Methods: This is a prospective, cross-sectional, single-center study of 23 patients with SSc diagnosed on the basis of standard criteria. Clinical details including the GI symptoms were recorded. All of them underwent esophagogastroduodenoscopy with duodenal biopsy, and 21 underwent esophageal manometry.

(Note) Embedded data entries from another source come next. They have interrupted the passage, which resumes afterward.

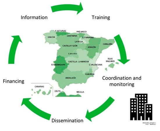 - The Draft for National Integrated Energy and Climate Plan 2021–2030 [25], with measures aimed at reducing primary energy consumption and promoting renewable energies. It provides for energy renovation over 3% of the built-up area in public buildings of the General State Administration, and at least 3% of the buildings of regional and local administrations.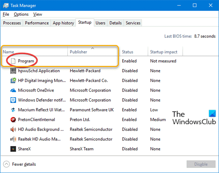 Si tuet accédez à l'onglet Démarrage, il répertorie les programmes enregistrés dans le groupe Démarrage ou la touche Exécuter pour s'exécuter automatiquement lorsque vous vous connectez. Mais vous pourriez voir une entrée appelée simplementProgramme, avec une icône vide et sans éditeur. Dans cet article, nous démystifions ce qu'est cette entrée de programme dans l'onglet Démarrage du Gestionnaire des tâches sous Windows 11/10 et si elle est sûre.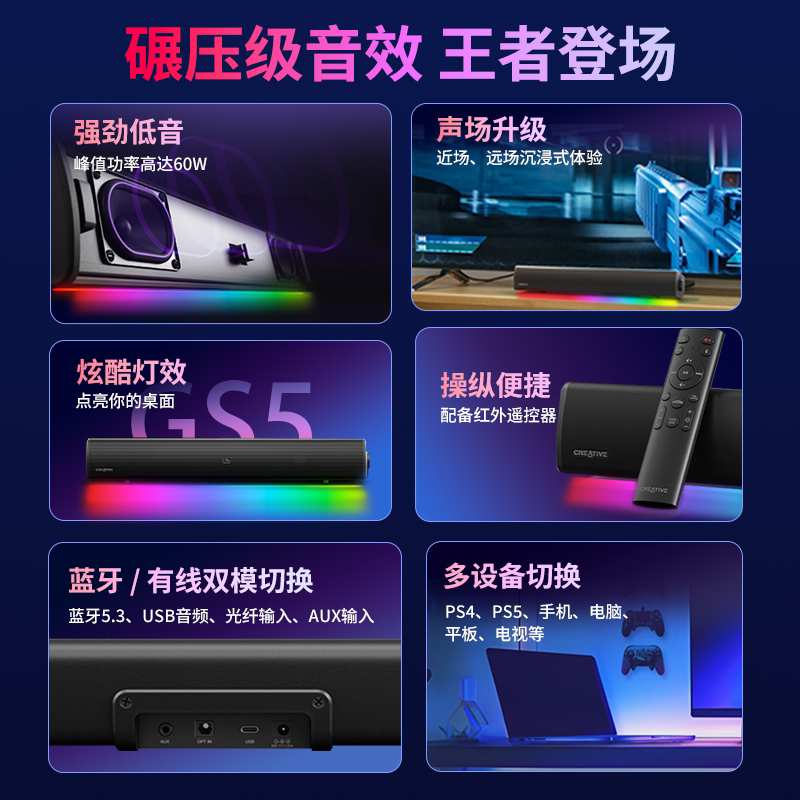 创新GS5电脑音响 家用游戏电竞桌面有线蓝牙一体插电长条音箱 台式由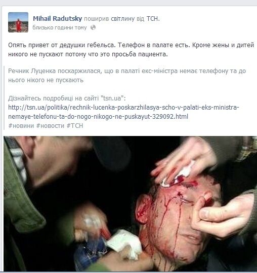 Об этом на своей странице в Facebook написал президент клиники "Борис" Михаил Радуцкий, комментируя появившуюся ранее информацию о том, что к экс-министру никого не пускают, а в его палате нет телефона.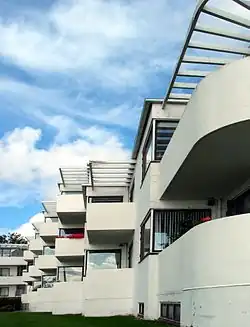 The buildings are built of brick with a whitewashed finish and iron girders between the floors. The roofs are tar-papered, the window frames are teak and the balconies have reinforced concrete fencing. In order to take full advantage of the sea view, Jacobsen staggered the facades of the north and south wings so that each apartment has two rooms with views over the sea.[1] The sea can also be seen from the balconies which are integrated into the structure of the buildings rather than protruding outwards as was the usual practice at the time. The south wing which stands on lower ground has a basement with garages. The largest apartments are those in the west wing, behind the two others and parallel to the coast road, where there is no requirement for a staggered facade. A few shops were also included in the complex. Jacobsen succeeded in creating interesting effects with his floor displacements, rounded corners, and the latticework over the balconies. The shadows over the white surface of the buildings create ever changing impressions as the day progresses. With their white-washed facades and corner windows, the buildings instill an atmosphere of exotic, elegant modernity, so typical of Functionalism. Bellavista allowed Jacobsen to realize his dream of a modern town.[1][5]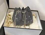 POTLI STYLE SLING BAG with Free Keychain Material: Rhinestones Crystal Clutch made of polyester and high quality shinny rhinestone, stylish and sturdy. Dimension: 6.3*3.9*5.1in / 16*10*13cm. Please kindly note the drawstring metal chain strap is adjustable, but it can't removeable. The chain is easy to adjust. This is MINI size bag. The rhinestones bucket bag can fit a 6.5 inch mobile phone, pls consider the bag size before your order. Design: This mini evening bags is with pearl pendant, made of high quality soft shinny rhinestone, with the buckle can be opened and closed smoothly. Fashion silver, blue and black color is good to matches with different party prom wedding wears. Multipurpose: You can use the rhinestones drawstring bucket bag as mini evening clutch, crossbody shoulder bag, wristlet wallet etc. Drawstring design, easy to put your cards, keys, cell phone, cosmetics ,mirror in your bag. The full rhinestones crystal evening handbag can be used in many occasions,

Results: Regurgitation, heartburn, and dysphagia were seen in 19 (82%), 16 (69%), and 10 (43%) patients, respectively. On endoscopy, 19 patients (83%) showed changes of reflux esophagitis (4 had grade C esophagitis), and 3 had esophageal candidiasis. Of the 21 patients who underwent esophageal manometry, 13 (62%) had absent peristalsis, 6 (28%) had ineffective peristalsis, and 10 (48%) had hypotensive lower esophageal sphincter (LES). Duodenal biopsy showed partial villous atrophy in 9 (39%) patients, increased intraepithelial lymphocytes in 18 (78%), and excess of mononuclear inflammatory cells in lamina propria in 21 (91%). Partial villous atrophy was seen more commonly in those with abnormal esophageal peristalsis and a hypotensive LES.
Conclusion: Most of the patients with SSc had esophageal dysmotility in the form of absent peristalsis, ineffective esophageal peristalsis, and hypotensive LES. Histology of descending duodenum demonstrated partial villous atrophy and chronic inflammatory infiltrates in most of the patients with SSc.
Keywords: celiac disease; gastrointestinal; manometry; scleroderma; systemic sclerosis; villous atrophy.